Шенфельд же заставил Мессинга рассказать о детстве гораздо более красочно, с большим количеством слов и фраз на идише, чтобы подчеркнуть, что русский язык в 1942 году тот знал еще совсем нетвердо. Кстати сказать, в реальности они между собой наверняка говорили на идише, а не на русском. В изложении Шенфельда рассказ Мессинга звучал так: «Отец мой – не хочу сказать блаженной памяти, хочу верить, что он жив – арендовал сады, с которыми была возня от зари до зари. Этот гешефт имел и свой страх и свой риск: кто мог знать, какой будет осенью урожай? Весь год гни спину, вкладывай деньги, а только осенью узнаешь, пан или пропал. Если получался рейвах, отец с этой прибыли расплачивался с долгами и запасался продуктами на долгую зиму.
Я был у отца первым помощником. Мать – да пребудет священным имя ее! – изнуренная родами, выкидышами, тяжелым трудом, рано состарилась и часто болела. Из детей, кроме меня, в живых остались еще два моих младших брата.
Сад был для меня сущим наказанием. Он был почти всегда вдали от местечка, отец не успевал один ухаживать за деревьями и кустами, бороться с вредителями, и я должен был заниматься окуриванием. Знаете, что это такое? Глаза воспалены, слезы текут, горло дерет, прямо задыхаешься. А потом, когда урожай дозревал, сад надо было стеречь от деревенских сорванцов, которые налетали ватагами, трясли деревья и обрывали кусты. Злую собаку, которую давали мне в помощники, я боялся больше, чем этих шайгецов. Шалаш, в котором я прятался от дождя, продувало насквозь, и ночами я дрожал от холода и страха.
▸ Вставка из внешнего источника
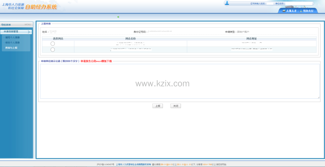 附件上传完成后点击上报,然后选择申报网点,并严格按照系统样张填写好《申请单位请示公函》,最后点击“上报”,到此居转户的信息填报工作就完成了

Ой, цорес ын ляйд!
Незабываемыми событиями в моей жизни были тогда две поездки с отцом в Варшаву: мы там сдавали товар купцам в Мировских торговых рядах. Второсортные фрукты, или которые с гнильцой, мать выносила на местный рынок».
Сложно сказать, передает ли Шенфельд реально слышанный от Мессинга рассказ, пусть и расцвеченный художественными деталями, или этот рассказ он целиком выдумал. Я исхожу из того, что Шенфельду и Мессингу действительно доводилось встречаться в Ташкенте или где-то еще в Центральной Азии, иначе интерес поэта и переводчика к фигуре Мессинга необъясним. Однако невозможно установить, о чем же они на самом деле говорили между собой. Ведь повесть Шенфельда – это художественное произведение, и законная авторская фантазия там преобладает над фактами.
Сам Мессинг ничего о смерти своих братьев не сообщает, и утверждает, что в семье было четверо детей, а не трое. Я более склонен принять его версию, поскольку ему не было никаких резонов скрывать эти печальные обстоятельства. Наоборот, по советским биографическим канонам, это должно было подчеркнуть те тяжелые условия, в которых жили Мессинги при «проклятом царизме». Шенфельд же писал свою документальную повесть с намерением опровергнуть мессинговские мемуары, развенчать творимую великим телепатом легенду. Поэтому он вполне мог намеренно сгустить краски по части бедности и страданий семейства Мессингов.
Разумеется, доходы арендатора впрямую зависел от урожая. В урожайные годы он был вполне приличен для семьи из шести человек, зато когда случался неурожай, родители Мессинга едва сводили концы с концами.
Согласно мемуарам Мессинга, в возрасте 6 лет родители отдали его в хедер. Вольф вспоминал: «…люди ниже среднего достатка, какими были мои родители, да еще в бедном еврейском местечке, могли учить своих детей только в хедере – школе, организуемой раввином при синагоге. Основным предметом, преподаваемым там, был талмуд, молитвы из которого страница за страницей мы учили наизусть…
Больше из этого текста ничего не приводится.